NIVELLE DE LA CHAUSSÉE. Il a fait quelques comédies dans un genre nouveau et attendrissant qui ont eu du succès. Il est vrai que pour faire des comédies il lui manquait le génie comique. Beaucoup de personnes de goût ne peuvent souffrir des comédies où l'on ne trouve pas un trait de bonne plaisanterie; mais il y a du mérite à savoir toucher, à bien traiter la morale, à faire des vers bien tournés et purement écrits: c'est le mérite de cet auteur. Il était né sous Louis XIV. On lui a reproché que ce qui approche du tragique dans ses pieces n'est pas toujours assez intéressant, et que ce qui est du ton de la comédie n'est pas plaisant. L'alliage de ces deux métaux est difficile à trouver. On croit que la Chaussée est un des premiers après ceux qui ont eu du génie. Il est mort vers l'année 1750.

NODOT, n'est connu que par ses fragments de Pétrone, qu'il dit avoir trouvés à Belgrade en 1688. Les lacunes qu'il a en effet remplies ne me paraissent pas d'un aussi mauvais latin que ses adversaires le disent: il y a des expressions, à la vérité, dont ni Cicéron, ni Virgile, ni Horace, ne se servent; mais le vrai Pétrone est plein d'expressions pareilles que de nouvelles mœurs et de nouveaux usages avaient mises à la mode. Au reste je ne fais cet article touchant Nodot que pour faire voir que la satire de Pétrone n'est point du tout celle que le consul Pétrone envoya, dit-on, à Néron avant de se faire ouvrir les veines; flagitia principis sub nominibus exoletorum, feminarumque, et novitate cujusque stupri, præscripta, atque obsignata misit Neroni.

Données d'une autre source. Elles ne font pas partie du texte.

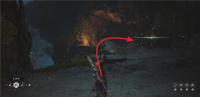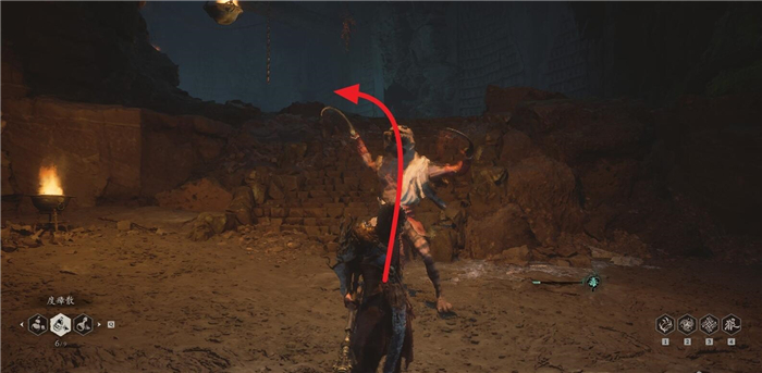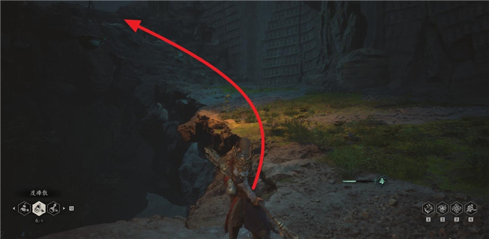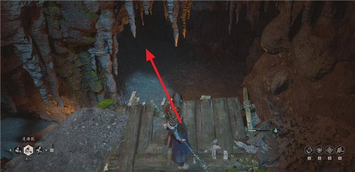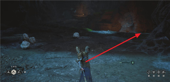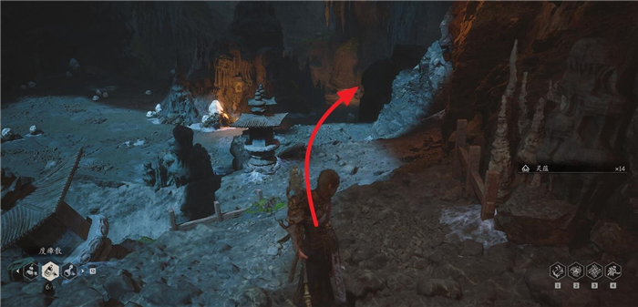 1、在第四章的盘丝洞上层的传送点,我们需要走土地庙正后方的斜坡上面,然后往下走,注意要贴着右侧的岩壁。

On a prétendu que le professeur Agamemnon est Séneque; mais le style de Séneque est précisément

le contraire de celui d'Agamemnon, turgida oratio; Agamemnon est un plat déclamateur de college.

On ose dire que Trimalcion est Néron. Comment un jeune empereur, qui après tout avait de l'esprit et des talents, peut-il être représenté par un vieux financier ridicule, qui donne à dîner à des parasites plus ridicules encore, et qui parle avec autant d'ignorance et de sottise que le Bourgeois gentilhomme de Moliere ?

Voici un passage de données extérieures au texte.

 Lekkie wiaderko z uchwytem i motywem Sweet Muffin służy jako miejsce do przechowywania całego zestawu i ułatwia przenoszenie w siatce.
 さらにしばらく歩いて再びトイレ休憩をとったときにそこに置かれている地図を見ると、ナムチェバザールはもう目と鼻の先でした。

Comment la crasseuse et idiote Fortunata, qui est fort au-dessous de madame Jourdain, pourraitelle être la femme ou la maîtresse de Néron? quel rapport des polissons de college, qui vivent de petits larcins dans des lieux de débauche obscurs, peuvent-ils avoir avec la cour magnifique et voluptueuse d'un empereur? quel homme sensé, en lisant cet ouvrage licencieux, ne jugera pas qu'il est d'un homme effréné, qui a de l'esprit, mais dont le goût n'est pas encore formé; qui fait tantôt des vers très agréables, et tantôt de très mauvais; qui mêle les plus basses plaisanteries aux plus délicates, et qui est lui-même un exemple de la décadence du goût dont il se plaint?

La clef qu'on a donnée de Pétroue ressemble à celle des caracteres de la Bruyere, elle est faite au hasard.

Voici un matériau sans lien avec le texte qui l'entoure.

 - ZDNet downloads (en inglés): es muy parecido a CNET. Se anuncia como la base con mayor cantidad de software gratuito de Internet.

D'OLIVET (Joseph), abbé, conseiller d'honneus de la chambre des comptes de Dole, de l'académie française, né à Salins en 1682; célebre dans la littérature par son Histoire de l'académie, lorsqu'on désespérait d'en avoir jamais une qui égalât celle de Pélisson. Nous lui devons les traductions les plus élégantes et les plus fideles des ouvrages philosophiques de Cicéron, enrichies de remarques judicieuses: toutes les œuvres de Cicéron, imprimées par ses soins et ornées de ses remarques, sont un

beau monument qui prouve que la lecture des anciens n'est point abandonnée dans ce siecle. Il a parlé sa langue avec la même pureté que Cicéron parlait la sienne, et il a rendu service à la grammaire française par les observations les plus fines et les plus exactes. On lui doit aussi l'édition du livre de la Faiblesse de l'esprit humain, composé par l'évêque d'Avranches, Huet, lorsqu'une longue expérience l'eut fait enfin revenir des absurdes futilités de l'école, et du fatras des recherches des siecles barbares. Les jésuites, auteurs du Journal de Trévoux, se déchaînerent contre l'abbé d'Olivet, et soutinrent que l'ouvrage n'était pas de l'évêque Huet, sur le seul prétexte qu'il ne convenait pas à un ancien prélat de Normandie d'avouer que la scolastique est ridicule, et que les légendes ressemblent aux quatre fils Aimon; comme s'il était nécessaire pour l'édification publique qu'un évêque normand fût imbécille! C'est ainsi à-peu-près qu'ils avaient soutenu que les mémoires du cardinal de Retz n'étaient pas de ce cardinal. L'abbé d'Olivet leur répondit, et sa meilleure réponse fut de montrer à l'académie l'ouvrage de l'ancien évêque d'Avranches écrit de la main de l'auteur. Son âge et son mérite sont notre excuse de l'avoir placé, ainsi que le président Hainault, dans une liste où nous nous étions fait une loi de ne parler que des morts. (Mort depuis l'impression de cet article, en 1768).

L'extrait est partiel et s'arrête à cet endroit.